Everything from the line with "- 그림으로 표현하면" to the line with "Для регистрации износа" in the listing below, both lines included, needs to be copied exactly, apart from the pictures.

━━━ Provided material

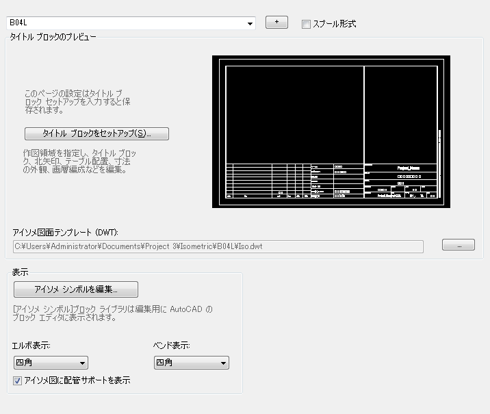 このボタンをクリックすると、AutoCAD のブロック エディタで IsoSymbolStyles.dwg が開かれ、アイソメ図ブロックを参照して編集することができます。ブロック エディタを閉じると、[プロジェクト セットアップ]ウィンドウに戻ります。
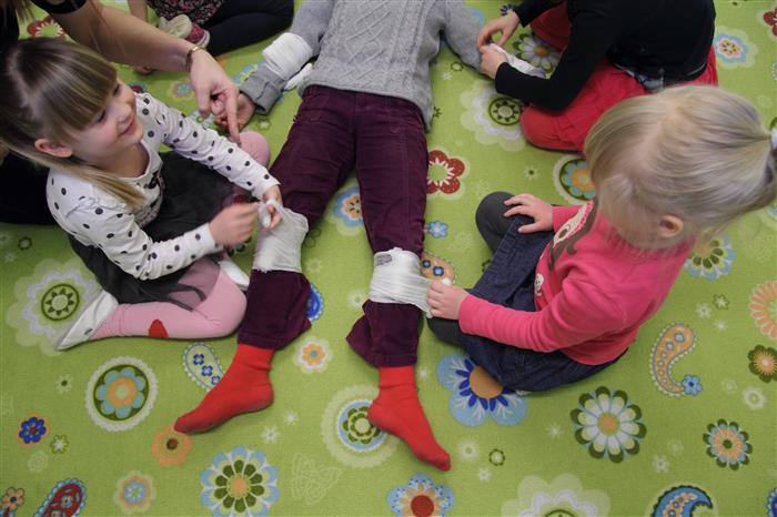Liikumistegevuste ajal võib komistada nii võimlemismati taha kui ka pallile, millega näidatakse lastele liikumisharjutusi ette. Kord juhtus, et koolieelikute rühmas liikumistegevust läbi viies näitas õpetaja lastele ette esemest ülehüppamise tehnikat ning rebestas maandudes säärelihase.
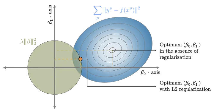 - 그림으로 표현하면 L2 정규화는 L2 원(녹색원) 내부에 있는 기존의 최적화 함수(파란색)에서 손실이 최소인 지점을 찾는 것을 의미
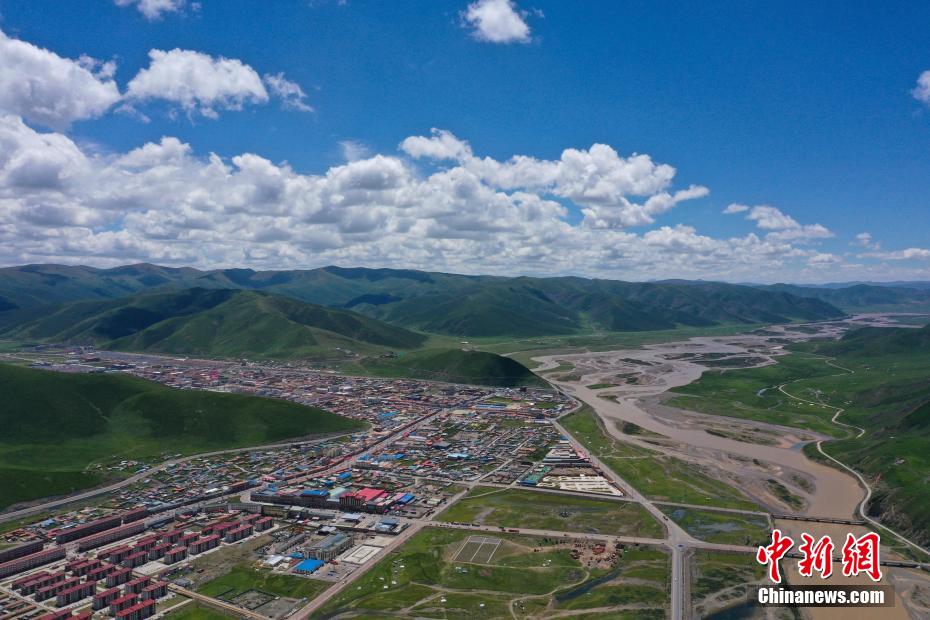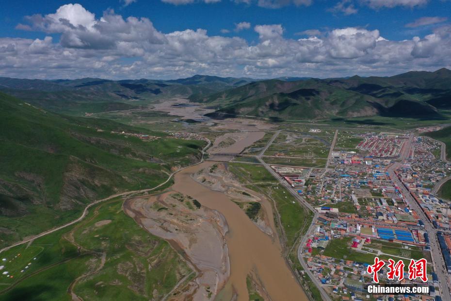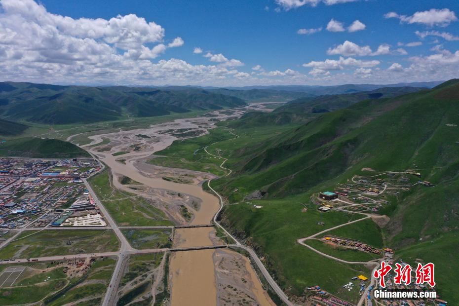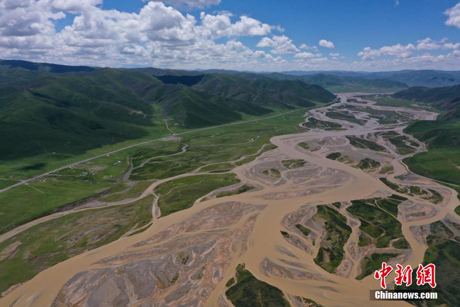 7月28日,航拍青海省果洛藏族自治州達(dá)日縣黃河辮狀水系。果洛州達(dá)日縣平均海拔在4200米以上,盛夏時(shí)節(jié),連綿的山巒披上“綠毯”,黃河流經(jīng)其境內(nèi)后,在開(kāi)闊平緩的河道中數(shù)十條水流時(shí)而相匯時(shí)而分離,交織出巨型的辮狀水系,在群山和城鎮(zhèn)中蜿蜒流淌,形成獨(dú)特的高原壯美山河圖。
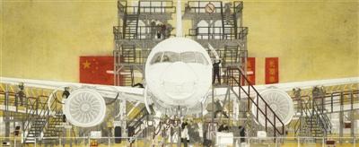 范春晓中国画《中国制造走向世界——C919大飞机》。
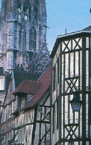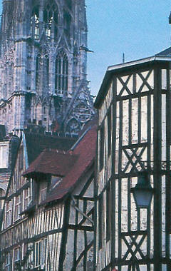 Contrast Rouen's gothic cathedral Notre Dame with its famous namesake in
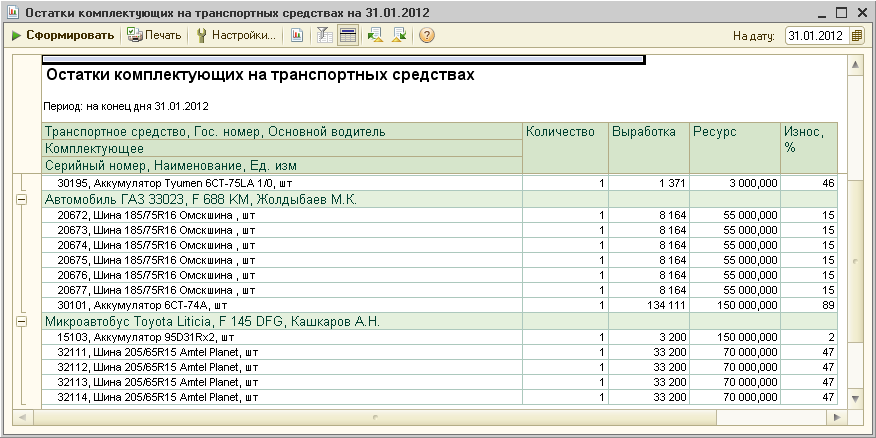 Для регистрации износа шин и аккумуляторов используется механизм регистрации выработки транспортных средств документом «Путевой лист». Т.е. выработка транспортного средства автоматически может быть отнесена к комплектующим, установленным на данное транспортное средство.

━━━━━━
━━━ Provided material

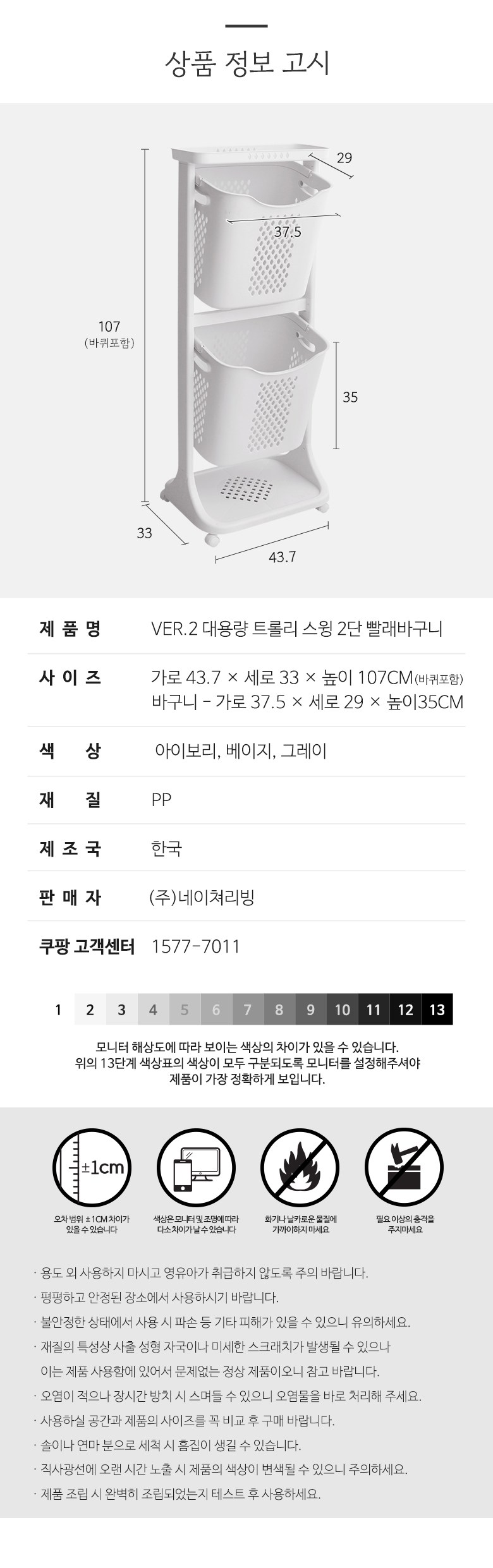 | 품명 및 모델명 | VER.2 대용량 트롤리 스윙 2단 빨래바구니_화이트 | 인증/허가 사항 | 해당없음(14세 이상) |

━━━━━━
━━━ Provided material

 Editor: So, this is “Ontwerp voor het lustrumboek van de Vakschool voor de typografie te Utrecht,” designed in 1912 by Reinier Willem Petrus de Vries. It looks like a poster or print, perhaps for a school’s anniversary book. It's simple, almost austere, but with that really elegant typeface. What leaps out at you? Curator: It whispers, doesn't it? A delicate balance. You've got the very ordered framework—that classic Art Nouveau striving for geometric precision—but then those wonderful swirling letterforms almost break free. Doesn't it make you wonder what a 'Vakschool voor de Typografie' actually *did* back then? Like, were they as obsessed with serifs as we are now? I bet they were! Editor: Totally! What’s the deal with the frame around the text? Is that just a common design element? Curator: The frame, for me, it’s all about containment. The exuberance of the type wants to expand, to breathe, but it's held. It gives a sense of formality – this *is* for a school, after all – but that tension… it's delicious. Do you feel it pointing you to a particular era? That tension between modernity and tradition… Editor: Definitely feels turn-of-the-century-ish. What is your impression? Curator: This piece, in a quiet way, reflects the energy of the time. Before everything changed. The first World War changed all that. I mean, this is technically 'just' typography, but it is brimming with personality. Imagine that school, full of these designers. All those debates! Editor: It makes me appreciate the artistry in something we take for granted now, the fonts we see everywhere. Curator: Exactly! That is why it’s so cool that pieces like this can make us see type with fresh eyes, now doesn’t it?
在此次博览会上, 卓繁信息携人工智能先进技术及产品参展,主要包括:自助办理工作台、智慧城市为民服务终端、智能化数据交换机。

━━━━━━

Task answer:
 - 그림으로 표현하면 L2 정규화는 L2 원(녹색원) 내부에 있는 기존의 최적화 함수(파란색)에서 손실이 최소인 지점을 찾는 것을 의미
 7月28日,航拍青海省果洛藏族自治州達(dá)日縣黃河辮狀水系。果洛州達(dá)日縣平均海拔在4200米以上,盛夏時(shí)節(jié),連綿的山巒披上“綠毯”,黃河流經(jīng)其境內(nèi)后,在開(kāi)闊平緩的河道中數(shù)十條水流時(shí)而相匯時(shí)而分離,交織出巨型的辮狀水系,在群山和城鎮(zhèn)中蜿蜒流淌,形成獨(dú)特的高原壯美山河圖。
 范春晓中国画《中国制造走向世界——C919大飞机》。
 Contrast Rouen's gothic cathedral Notre Dame with its famous namesake in
 Для регистрации износа шин и аккумуляторов используется механизм регистрации выработки транспортных средств документом «Путевой лист». Т.е. выработка транспортного средства автоматически может быть отнесена к комплектующим, установленным на данное транспортное средство.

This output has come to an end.